- _Information provided_:
--------------------

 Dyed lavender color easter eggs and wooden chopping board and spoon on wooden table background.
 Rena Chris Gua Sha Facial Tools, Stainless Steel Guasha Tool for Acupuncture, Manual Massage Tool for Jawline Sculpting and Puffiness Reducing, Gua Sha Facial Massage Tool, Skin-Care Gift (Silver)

--------------------

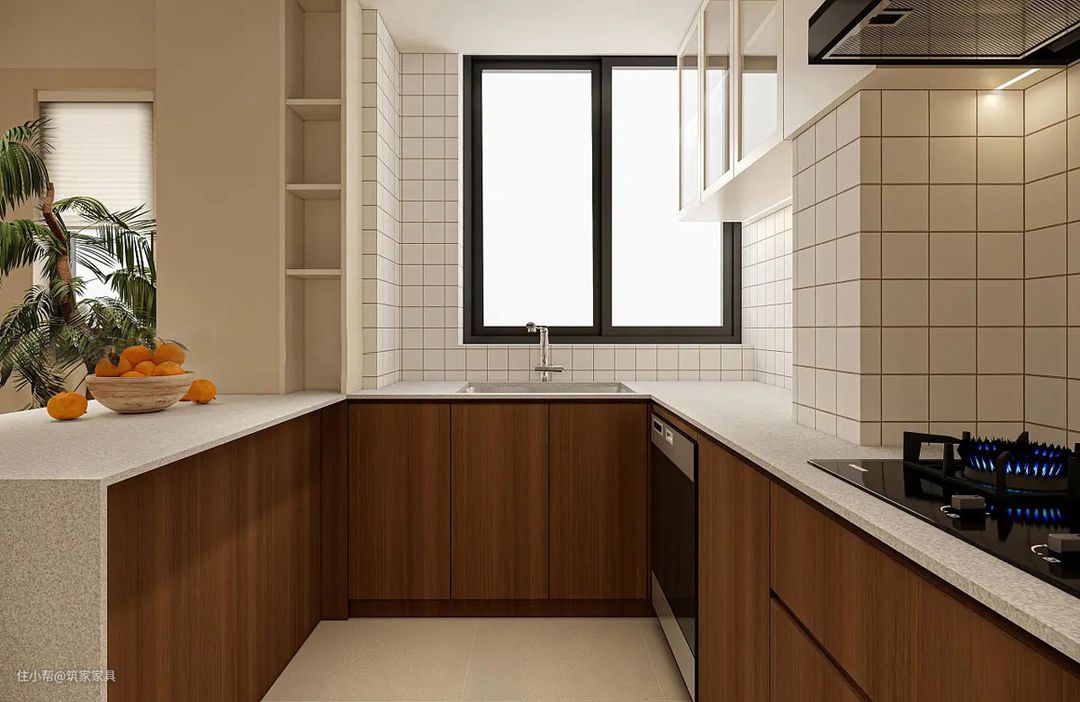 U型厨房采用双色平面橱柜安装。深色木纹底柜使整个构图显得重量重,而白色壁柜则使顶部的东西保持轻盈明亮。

--------------------

- _Work to complete_:
Looking at the records above, return exactly the lines from the line with "Dyed lavender color" to the line with "Rena Chris Gua", both ends included.

- _Answer box_:
 Dyed lavender color easter eggs and wooden chopping board and spoon on wooden table background.
 Rena Chris Gua Sha Facial Tools, Stainless Steel Guasha Tool for Acupuncture, Manual Massage Tool for Jawline Sculpting and Puffiness Reducing, Gua Sha Facial Massage Tool, Skin-Care Gift (Silver)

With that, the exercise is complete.